L’article L. 322-4-12 de la loi qui fixe les modalités de recrutement des CUI précise que « ce contrat prévoit obligatoirement des actions de formation et d’accompagnement au profit de son titulaire, qui peuvent être menées pendant le temps de travail et en dehors de celui-ci. Il ouvre droit à une attestation de compétences délivrée par l’employeur et il est pris en compte au titre de l’expérience requise pour la validation des acquis de l’expérience... ». Or, nombreux sont les établissements scolaires qui n’ont pas satisfait cette exigence, et des CUI lésés, voyant leurs contrats s’achever sans avoir pu bénéficier d’aucune formation préparant la suite de leur activité professionnelle, ont fort légitimement porté leur cas devant les prud’hommes et obtenu la condamnation des chefs d’établissement, en tant que représentants de l’EPLE employeur.

Devant la multiplication de ces recours juridiques, l’Administration, plutôt que de s’interroger sur la nécessité de recruter davantage d’agents titulaires répondant à des besoins réels du service public d’éducation, préfère organiser la défense des personnels de direction, et la prise en charge financière des procès.
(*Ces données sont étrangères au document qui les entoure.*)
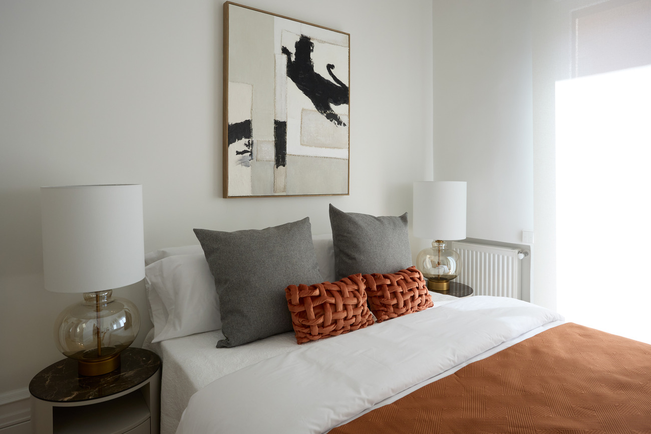 Los otros dos dormitorios, de proporciones equilibradas, comparten un elegante cuarto de baño.

C’est dans cet esprit que le Rectorat de Versailles envisage à l’heure actuelle la création d’un groupement de commandes qui permettrait aux EPLE de se voir rembourser les frais d’avocat par le biais d’une subvention versée a posteriori au budget des établissements.

Ce procédé est scandaleux, tant sur le fond que sur la forme :

  • les CA à l’ordre du jour desquels cette question a été portée n’ont pas eu connaissance du texte de la convention, puisqu’il s’agit d’adhérer à un groupement de commandes qui n’est pour l’instant qu’un projet et que la convention en elle-même n’a pas encore été rédigée. Il est donc demandé aux élus d’engager la responsabilité du CA et donc de l’établissement, en se prononçant sur un texte qui n’existe pas encore ! C’est signer un chèque un blanc sans pouvoir en contrôler les conséquences...
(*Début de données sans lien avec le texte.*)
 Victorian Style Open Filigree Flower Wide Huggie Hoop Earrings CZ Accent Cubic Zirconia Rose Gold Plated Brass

  • les élus au CA sont supposés engager ainsi des mouvements sur le compte de l’EPLE, alors qu’ils sont garants du budget et du compte financier, pour des contrats sur lesquels ils ne sont à aucun moment consultés, ni au moment du recrutement, ni pour le suivi de la formation proposée.
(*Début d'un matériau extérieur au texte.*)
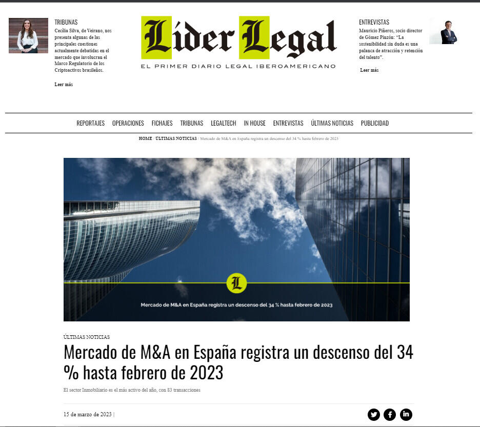 Mercado de M&A en España registra un descenso del 34% hasta febrero de 2023

  • les chefs d’établissement bénéficient comme tout fonctionnaire de la protection juridique accordée par l’Etat-employeur, et aucun de ceux qui ont soumis l’adhésion au dispositif au vote de leur CA n’a, à notre connaissance, été en mesure d’expliquer pour quelle raison un dispositif particulier était nécessaire.
  • enfin, qu’en est-il de la défense et du soutien financier apportés aux CUI forcés de demander justice devant les prud’hommes suite au non-respect de la loi par leurs employeurs ? Il s’agit d’une conception du service public bien curieuse et bien inégalitaire, à laquelle le SNES-FSU ne peut souscrire !

Au delà de la manipulation des élus au CA qui a ainsi été pratiquée, l’attitude du Rectorat est inadmissible : le principe même de ce groupement de commandes n’a jamais été évoqué en CTA et l’Administration s’est bien gardée de consulter les organisations syndicales à ce sujet.
Le SNES-FSU demandera à ce que ce point soit mis à l’ordre du jour du prochain CTA et sera extrêmement vigilant sur le contenu de la convention à venir. Si l’Administration veut éviter les condamnations en justice, la première chose à faire est de respecter la loi.